Background:
Posttraumatic joint contracture is a debilitating complication following an acute fracture or intra-articular injury that can lead to loss of motion and an inability to complete activities of daily living. In prior studies using an established in vivo model, we found that ketotifen fumarate (KF), a mast cell stabilizer, was associated with a significant reduction in the severity of posttraumatic joint contracture. Our primary research question in the current study was to determine whether a dose-response relationship exists between KF and posttraumatic joint contracture reduction.
Methods:
A standardized operative method to create posttraumatic joint contracture in a knee was performed on skeletally mature New Zealand White rabbits. The animals were randomly assigned to 1 of 5 groups (n = 10 per group): a nonoperative control group, an operative control group, or 1 of 3 experimental KF groups (0.01 mg/kg [the KF 0.01 group], 0.1 mg/kg [KF 0.1], or 5.0 mg/kg [KF 5.0]). Flexion contractures were measured following 8 weeks of knee immobilization using a hydraulic material-testing machine.

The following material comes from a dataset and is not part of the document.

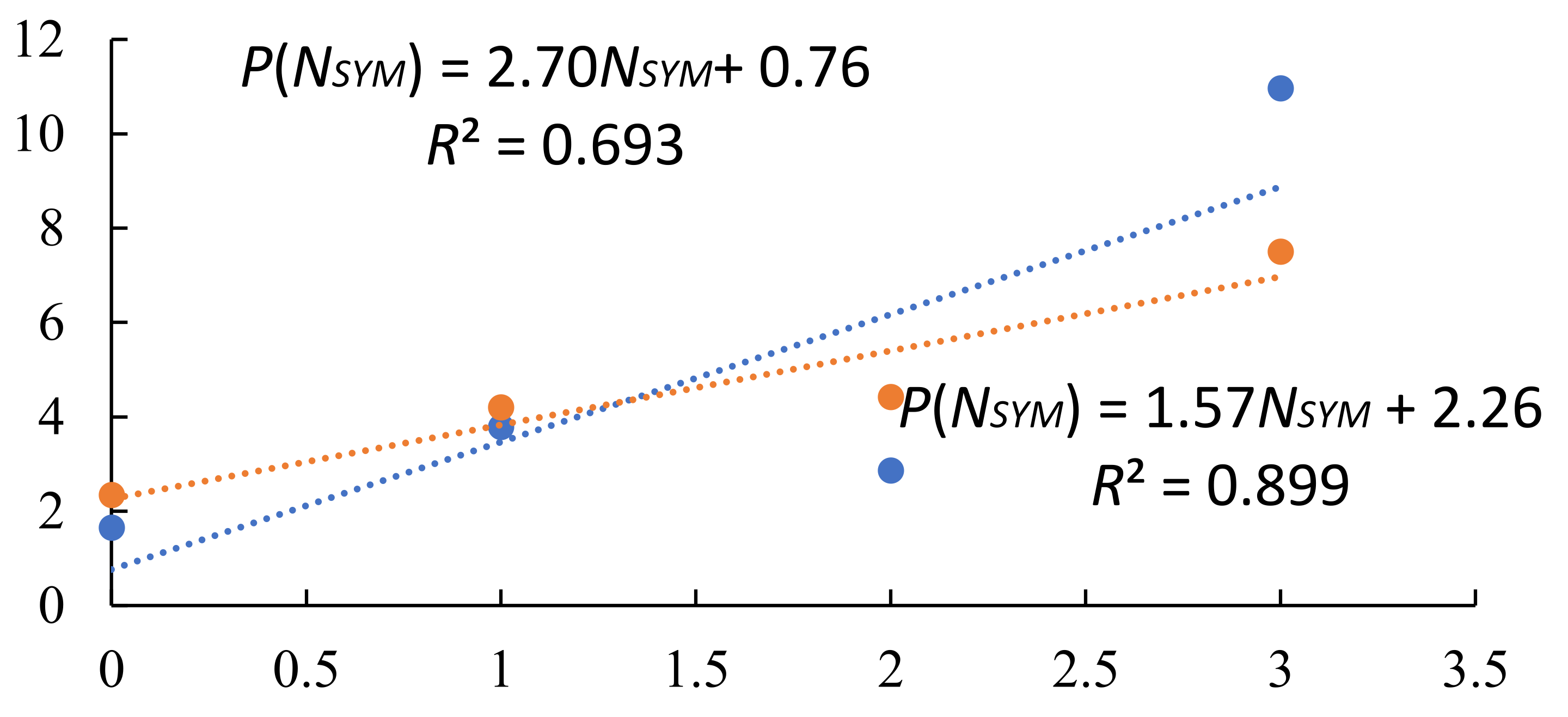 For comparison, we studied "symbol-like" 2D colloidal clusters. In such clusters, negative correlations between frequency and symmetry were observed, i.e., more symmetric letters are less frequent with the coefficients of determination of and . This is explained by the fact that in natural systems more symmetric forms have lower mobility and there are fewer ways of building symmetric clusters than asymmetric ones.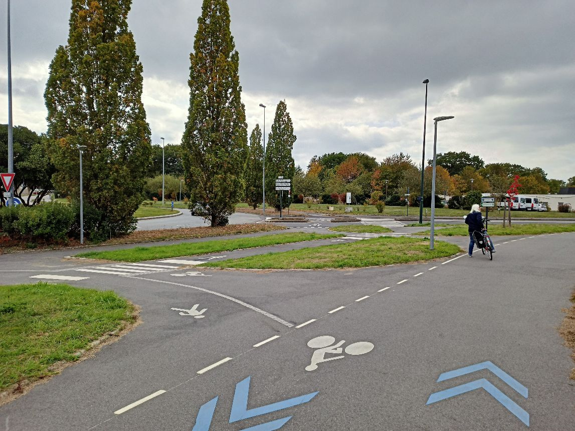 En septembre 2023, le responsable du chantier a déclaré que comme le nouvel immeuble au nord du giratoire était enfin livré, la traversée cyclable serait traitée d'ici fin 2023, l'ilôt détruit pour y déplacer le passage piéton (décalé de 3m vers l'ouest). Il n'en a rien été. Les piétons et cyclistes continuent à se partager le passage piéton entre les deux tronçons de REV. Seule la bande podotactile a été déplacée en rive nord, envoyant les mal voyants hors du passage piéton directement sur l'îlot. Cela génère des conflits piétons/cycles alors que ce point aurait du être traité depuis deux ans.

The posterior knee joint capsules were then harvested for quantification of myofibroblast and mast cell numbers with immunohistochemistry analysis.
Results:
Forty-five rabbits were used in the final analysis. Contracture severity was significantly reduced in the KF 0.1 group (p = 0.016) and the KF 5.0 group (p = 0.001) compared with the operative control group. When converted to a percent response, posttraumatic joint contracture reduction was 13%, 45%, and 63% for the KF 0.01, KF 0.1, and KF 5.0 groups, respectively. A half-maximal effective concentration (EC50) for KF of 0.22 mg/kg was established. There was also a decrease in myofibroblasts, mast cells, and substance P-containing nerve fiber counts with increasing doses of KF.
Conclusions:
Using a preclinical, rabbit in vivo model of posttraumatic joint contracture, increasing doses of KF were associated with decreasing biomechanical estimates of knee posttraumatic joint contracture as well as decreasing numbers of myofibroblasts, mast cells, and substance P-containing nerve fibers.
Clinical Relevance:
KF has been used safely in humans for more than 40 years and, to our knowledge, is the first and only agent ready to be potentially translated into an effective treatment for posttraumatic joint contracture.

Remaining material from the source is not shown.